Faso Latido is the second album by post-hardcore band A Static Lullaby.  It was released in 2005 on Columbia Records, making it their only release on a major label. This album is one of the albums known to be affected by Extended Copy Protection. This is the last album with all five original members. Before Phil Pirrone and Nate Lindeman left to form Casket Salesmen as well as the departure of former drummer Brett Dinovo. The album was originally to be titled "Watch the Sunlight Burn", but was changed prior to its release. A music video was created for the song "Stand Up".

Background
Shortly after the release of their debut, ...And Don't Forget to Breathe, the band was signed to major label Columbia Records. The song "Radio Flyer's Last Journey" originally appeared on the band's self-titled demo EP, released in 2001.

Reception
Faso Latido was generally met with negative feedback. The band treats this album just like Weezer's Pinkerton and the members of the band openly admit they dislike this album. When playing songs from the album live, they apologize to the fans for playing the song. However, many fans cite this album as the best from A Static Lullaby.

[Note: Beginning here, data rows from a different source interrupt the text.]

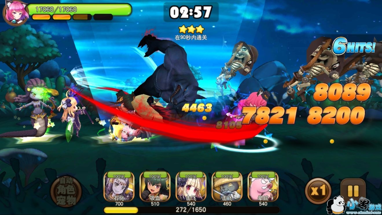 1.出场的同时,猫女侠使用大技能“S型切喉礼”击飞全部小怪。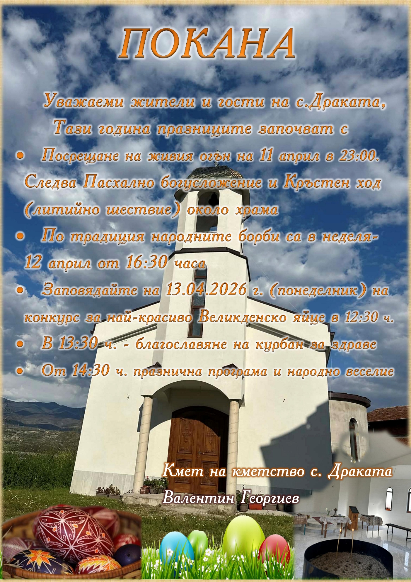 С. Драката има празник на Великден. Вижте празничната програма за 12 и 13 април. Разгледайте кадри от полагане на основния камък за изграждането на храм “Свето Възкресение Христово“ от 16.02.2023 г.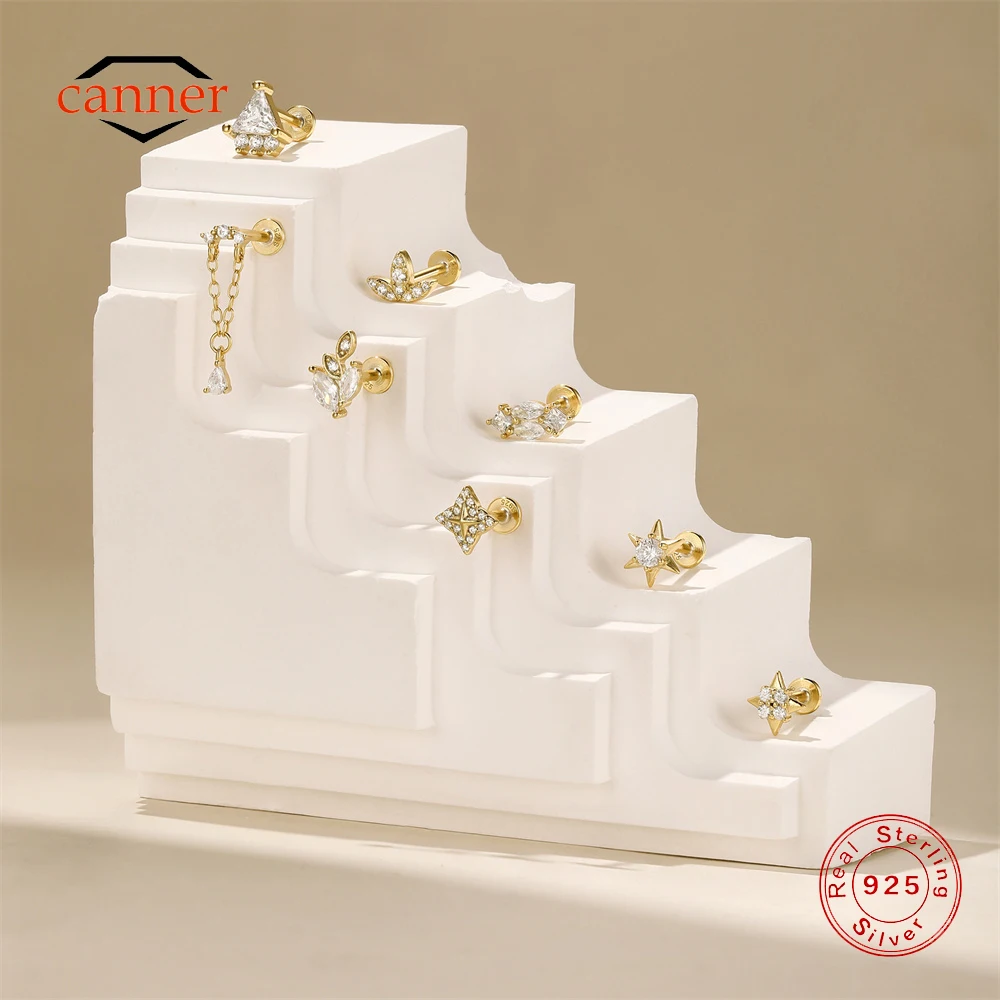 CANNER 1PC 925 Sterling Silver Four Pointed Star Clover Horse Eye Flat Head Puncture Stud Earring For Women Ins Earring Jewelry

Absolute Punk reviewer Scott Weber was very critical of the album, particularly for the high amounts of clean singing. Weber said the screams in "Stand Up" were awkward and out of place with the "laid back musicianship" and the song sounded like any other radio song with screaming. He did however praise the song "Radio Flyer's Last Journey" for its energy.

A more positive review came from Melodic.net's Kaj Roth. Roth commented on the more commercial and melodic sound of the album, and said fans of the debut ...And Don't Forget to Breathe would be very disappointed. Roth concluded by saying the band's energy and attitude make up for the change in sound, but said the album doesn't have many stand out tracks. Another positive review came from Allmusic. The reviewer praised "Radio Flyer's Last Journey" for its chugging guitar riffs and "Half Man, Half Shark; Equals One Complete Gentleman" for use of a delay-pedal. Another praise was the band's lyrical content, which was different from "the usual emo notebook romance".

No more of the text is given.